Jones continues, “But one of the things that we talked about combating is once you learn how to swim, you never forget. So I encourage ladies to put their hair in braids, get in the water and learn to swim, and then you can do whatever you want. It takes about two weeks to learn how to swim, but swimming is a skill that lasts a lifetime and can literally save your life.”

Jones is also focused on making sure two of the people he’s closest to learn how to swim — his mother and his nearly 4-year-old son, Ayven.

“My dad knew how to swim, but my mom did not, and she’s still actively trying to combat her fears,” he says. “But she’s facing that fear. It can bring her to tears at times, but once she actually gets in the water, she crushes it every time. It’s just getting the consistency with that lady is the hard part.”

With Ayven, Jones is taking his own advice and enrolling his son in swimming lessons even though he is more than qualified to get his kid up to speed in the pool. Looking back on what made him fall in love with swimming, Jones credits personal relationships with teachers and coaches, which is something he wants to provide for his son.
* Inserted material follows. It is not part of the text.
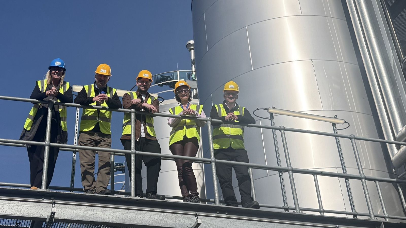 “Toasting” the partnership with pot ale – residue from whisky distilling used as a feedstock by Celtic Renewables. Left to Right: Ian Sanders, Chief Commercial Officer, NCIMB; Dr Reuben Carr, Technology Commercialisation Manager, NCIMB; Bettina Brierley, Chief Commercial Officer, Celtic Renewables; Lorna Woodcock, Head of Technical, Research & Innovation, Celtic Renewables; and Dr Darren Scobie, Applied Research Lead, Celtic Renewables, the Celtic Renewables plant in Grangemouth.

“Swimming is like a lot of things in life where one of the things that can really make it click for a kid is that student-teacher bond,” Jones explains. “I had a coach, Coach Brad. That was my guy. I felt comfortable with him. He was funny. He was very personable. It was a mix of play and, at the same time, learning. It was just how he taught that made me feel comfortable enough to start seeing all of the progress I was making and could still make if I kept at it.”